Data Eng Weekly

Hadoop Weekly Issue #126

21 June 2015

Spark Summit was this past week in San Francisco, so there's a lot of great content and announcements related to Spark in this issue. Some highlights include an article about the Spark and Cassandra integration, support for Spark in Amazon EMR, and a large commitment from IBM to help develop and advocate for Spark.


This presentation about Parquet has all the details you need to get started with the format and incorporate it into your data pipeline. This includes an overview of the problems that Parquet solves, the basics of the format, a description of a typical data flow, and example usage in MapReduce, Scalding, Pig, and Hive / Impala.

This tutorial describes how to install Hue 3.8.1 with the Pivotal PHD3.0 distribution (which comes with Hue 2.6). Using pre-built RPMs from Apache BigTop, the post describes configuring access to HAWQ and HBase from Hue.

The Databricks blog has a great guest post by folks from Datastax about optimizing Spark with Cassandra. In addition to great Cassandra-specific optimizations (e.g. RDD/Cassandra inner joins, Cassandra-specific/efficient groupBy and column selection), the post has general Spark information like an introduction to Spark's architecture, a practical overview of RDDs, and generic Spark tips.

While RDDs are the workhouse of core Spark, DataFrames are a powerful alternative that's seeing a lot of momentum and improvements. These two presentations from Spark Summit give an overview of DataFrames and a look at some of the performance improvements that are in the works as part of Project Tungsten.

In the second part of their series on Hadoop/YARN logs, a post on the Altiscale blog covers DataNode, NodeManager, Oozie, the Resource Manager audit, and Hive logs. It describes how to interpret the various log files and includes several awk scripts for automated processing.

This post describes Intent Media's progression from raw MapReduce in Java to Pig to Cascalog to Spark. Spark has allowed them to make better use of machine learning (given all the algorithms in MLlib), and the second part of the post describes how they use Spark on Amazon EMR. The code for the post is available on github.

Apache Kafka is integrated with many real-time big data frameworks, like Spark Streaming, Samza, and Storm.
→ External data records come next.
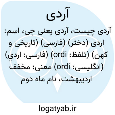 معنی: مخفف اردیبهشت، نام ماه دوم سال شمسی، ( اَعلام ) ) فرشته ی مدَبِر کوه ها، ) ( در قدیم ) در فرهنگ ایران قدیم فرشته ای که نماینده ی پاکی است و نگهبانی آتش با اوست
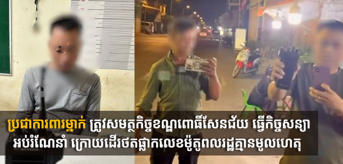 【柬埔寨头条综合报道】据柬媒4月22日报道,金边市波森芷区警察局于4月21日上午,将一名涉嫌在路边无故拍摄居民车牌的安保人员带回警局进行问话。 据了解,该事件发生于4月20日。警方是在发现有网友将相关视频发布至社交媒体后,才获悉此事并展开调查。 警方已要求该安保人员签署保证书,承诺停止拍摄居民车牌的行为,因其举动已对居民心理及公共秩序造成影响。 据悉,此次拍摄行为共有2人参与,其中被教育人员为一名44岁男子,其携带对讲机。目前,警方正追查另一名涉事人员,并将依法要求其到案签署保证书,确保不再发生类似行为。 |
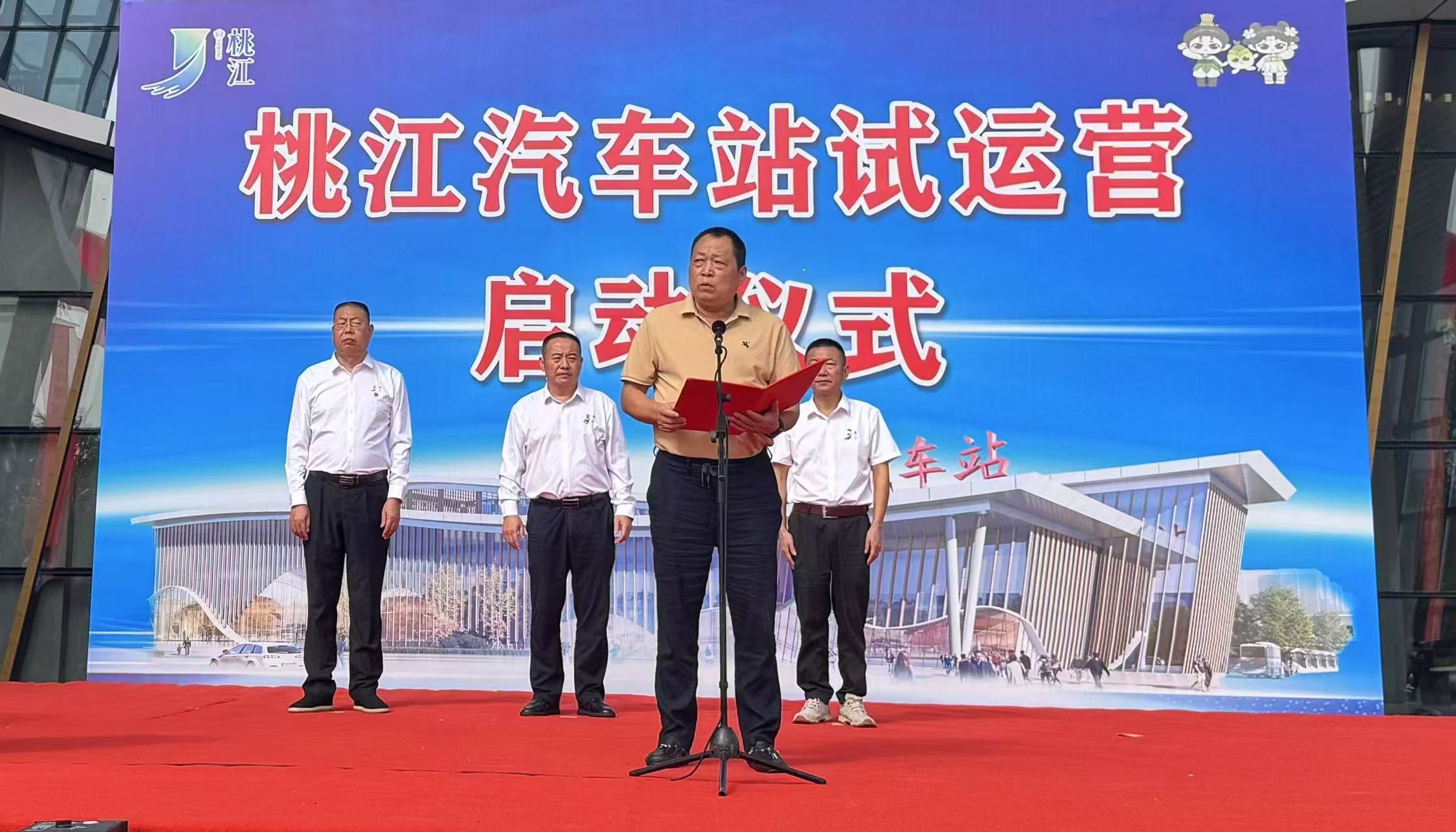 启动仪式由桃江县政府办党组成员、副主任曾小平主持;县交通运输局党组书记、局长胡鹤鸣和益阳湘运集团股份有限公司董事长郭跃明分别致辞;桃江县委常委、常务副县长熊跃明宣布该站正式启动,并与郭跃明一起为车站揭牌。
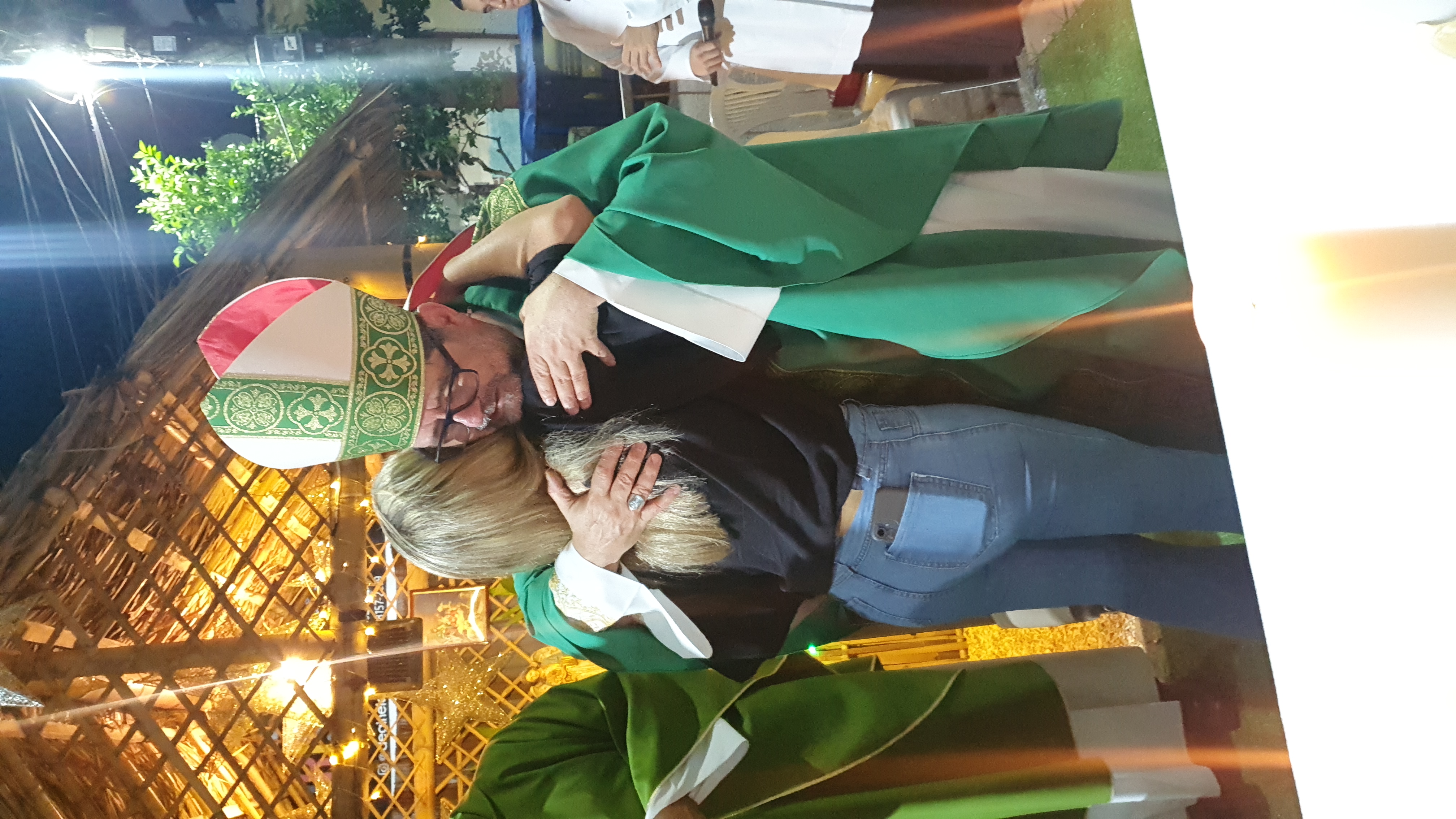O abraço comovente da prefeita Michele Bianchini no Bispo Diocesano Dom Luiz Antônio Ricci foi capturado pelo fotógrafo

In addition to providing input data, Kafka can also be used for output—making it somewhat akin to the HDFS of a stream data platform. This post describes this role in depth, several use cases for Kafka, and more.

Spring XD 1.2 includes the Spring Integration Kafka Adapter which adds a number of features atop of the Simple Consumer API (such as an offset manager and a ConnectionFactory). The Spring engineering blog describes some throughput testing that the team did in order to validate their implementation. Using a RackSpace OnMetal cluster with SSDs and 10GbE, they were able to achieve ~2 million events per second using a single thread (which nearly matches the throughput of the Kafka performance testing tools).

Apache Pig 0.15.0 was released last week with enhancements to the Tez integration and support for Hive UDFs. This post describes the Tez enhancements—improved scalability, the Tez UI and local mode, and auto-parallelism—in details. In relation to support for Hive UDFs, it notes that Hivemall (a machine learning UDF library) has been tested, and the Hivemall wiki includes documentation for getting started.

The Hortonworks blog has the fourth post in a series on diverse workloads in YARN. This post describes preemption in the YARN Capacity Scheduler—from the motivation for using preemption to the low-level preemption API to the main configuration settings.

H2O is an in-memory, parallel machine learning engine. This presentation demonstrates integrating Spark and H20, which results in so-called "Sparkling Water." Specifically, it shows using MLlib's Word2Vec algorithm with H2O's Gradient Boosting Machine to classify text (Craigslist ads).

One of the best ways to understand big data systems is to read the original research papers which describe the architecture, assumptions, and trade-offs of each system. This post has a list of 100 papers broken down into "architecture layers" like file systems, data stores, cooridination, and computational frameworks.

Speaking of research papers, the morning paper blog covered two relevant papers this week: "Spinning Fast Iterative Dataflows," which is the basis of Apache Flink, and "Discretized Streams: Fault Tolerating Stream Computing at Scale," which is the basis of Spark Streaming. Also, the Apache Tez paper from the recent SIGMOD conference was also published this week.

It can be really frustrating to get started with a new data system when all you want to do is query a simple dataset. In many cases this is complicated by setting up multiple distributed systems, but Apache Drill makes it easier by providing first-class support for json-data stored on the local file system (there are still plenty of gotchas, though, as this post describes). Taking advantage of this feature, this tutorial describes how to load json data into Drill and integrate with Tableau for visualization.


MapR has announced three new Quick Start Solutions built on Spark. Each Quick Start includes a software license, professional services, training and certification, and pre-built templates. The new solutions are Real-time Security Log Analytics, Time Series Analytics, and Genome Sequencing.

This is a good article summarizing some of the announcements and themes of the recent Spark Summit and Hadoop Summit. It also discusses the relationship between Hadoop and Spark (the latter won't replace the former) and the state (maturity, community) of the two projects.

Mesosphere and Typesafe have announced that Typesafe will be providing enterprise-class support for Spark on Mesosphere's Datacenter Operating System.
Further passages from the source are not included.